WORK ITEM: Starting from the line with "Byt disponuje třemi" and going up to and including the line with "英国女王、(爱丁堡公爵)菲利", copy the listing below exactly. Leave all images out.

GIVEN RECORDS:
------------------------------------
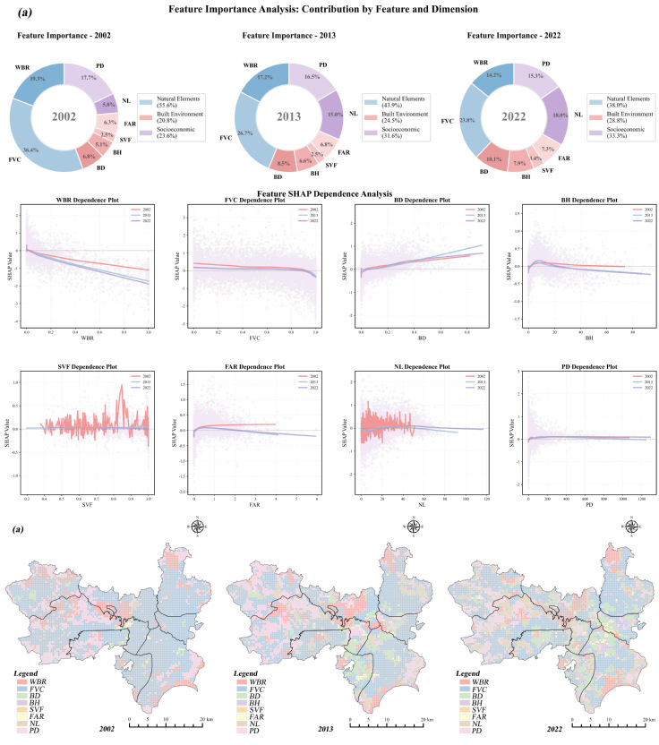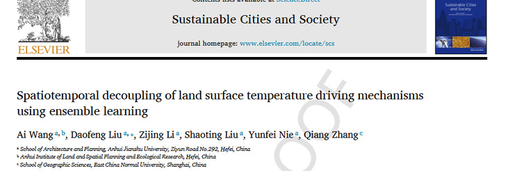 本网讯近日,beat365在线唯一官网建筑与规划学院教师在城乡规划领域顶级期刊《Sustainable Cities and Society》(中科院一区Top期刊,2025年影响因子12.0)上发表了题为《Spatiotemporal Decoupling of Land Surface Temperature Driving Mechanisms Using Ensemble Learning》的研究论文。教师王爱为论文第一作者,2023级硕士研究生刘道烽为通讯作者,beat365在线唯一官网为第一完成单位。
------------------------------------
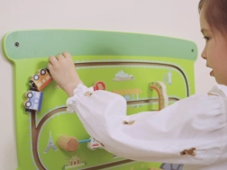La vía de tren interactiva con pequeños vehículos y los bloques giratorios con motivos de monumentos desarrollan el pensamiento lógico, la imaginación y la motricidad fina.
------------------------------------
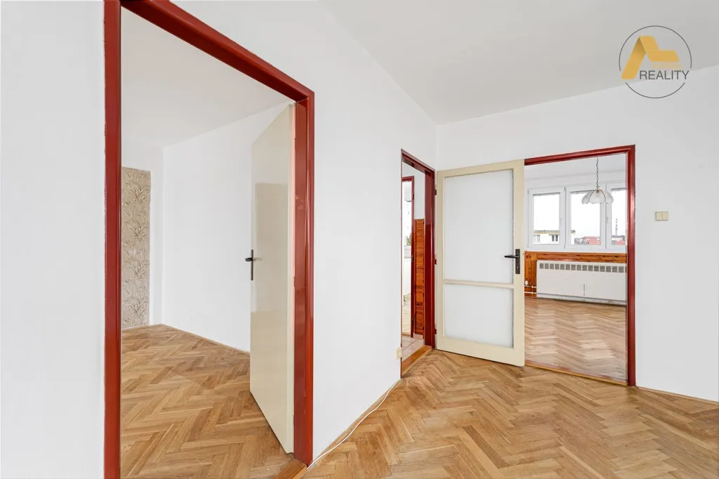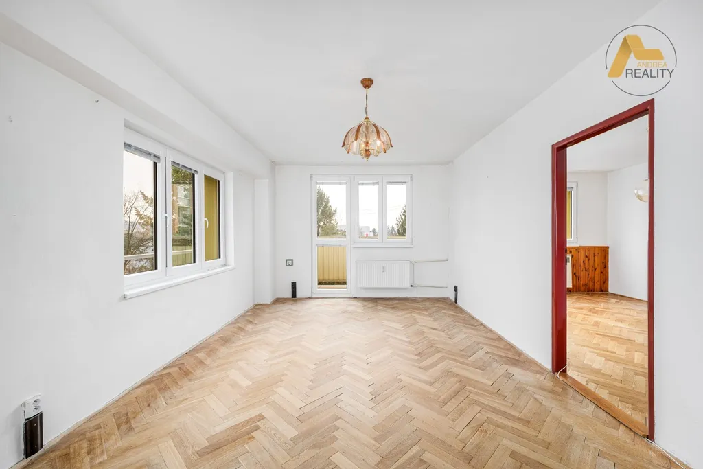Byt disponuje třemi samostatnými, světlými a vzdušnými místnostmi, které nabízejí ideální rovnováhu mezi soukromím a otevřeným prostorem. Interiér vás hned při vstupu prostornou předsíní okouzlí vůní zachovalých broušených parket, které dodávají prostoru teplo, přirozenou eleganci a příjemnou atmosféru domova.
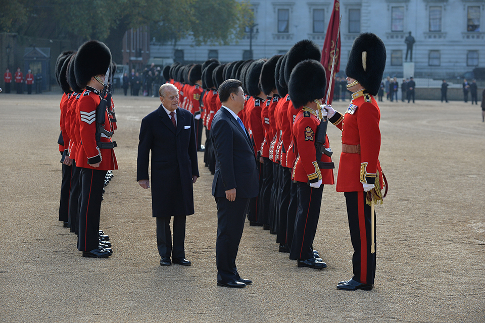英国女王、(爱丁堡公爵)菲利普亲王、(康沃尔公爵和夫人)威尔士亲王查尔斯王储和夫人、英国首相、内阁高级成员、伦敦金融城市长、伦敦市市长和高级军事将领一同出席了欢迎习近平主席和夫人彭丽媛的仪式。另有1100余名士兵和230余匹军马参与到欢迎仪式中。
------------------------------------
OUTPUT OF THE EXERCISE:
Byt disponuje třemi samostatnými, světlými a vzdušnými místnostmi, které nabízejí ideální rovnováhu mezi soukromím a otevřeným prostorem. Interiér vás hned při vstupu prostornou předsíní okouzlí vůní zachovalých broušených parket, které dodávají prostoru teplo, přirozenou eleganci a příjemnou atmosféru domova.
英国女王、(爱丁堡公爵)菲利普亲王、(康沃尔公爵和夫人)威尔士亲王查尔斯王储和夫人、英国首相、内阁高级成员、伦敦金融城市长、伦敦市市长和高级军事将领一同出席了欢迎习近平主席和夫人彭丽媛的仪式。另有1100余名士兵和230余匹军马参与到欢迎仪式中。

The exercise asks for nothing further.